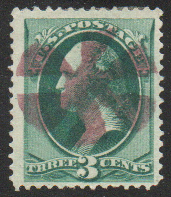 # 158 VF JUMBO, sock on the nose purple "circle of triangles" cancel, fresh!
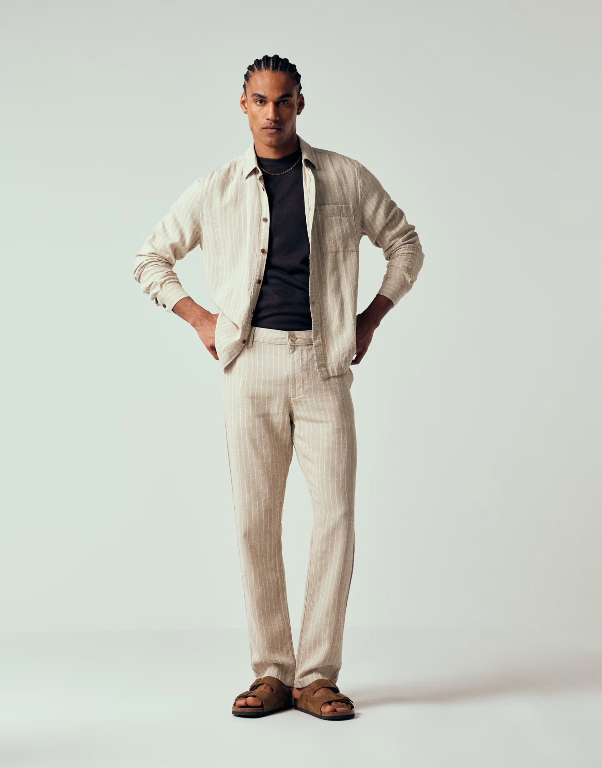 Crafted from a linen blend, these stripe slim fit trousers offer a casual yet polished look. Perfect for business casual occasions, they provide a comfortable fit with a timeless design.
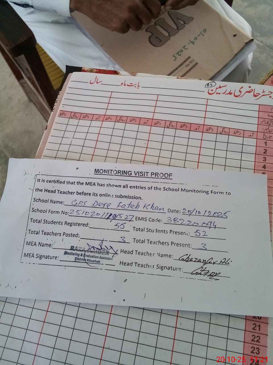 | Attendance Register | Head Teacher | MEA with School | Visit Proof |

···

WHAT THE TASK REQUIRES :: All of the data gets printed again exactly; the pictures do not.

OUTPUT BELOW ::
 # 158 VF JUMBO, sock on the nose purple "circle of triangles" cancel, fresh!
 Crafted from a linen blend, these stripe slim fit trousers offer a casual yet polished look. Perfect for business casual occasions, they provide a comfortable fit with a timeless design.
 | Attendance Register | Head Teacher | MEA with School | Visit Proof |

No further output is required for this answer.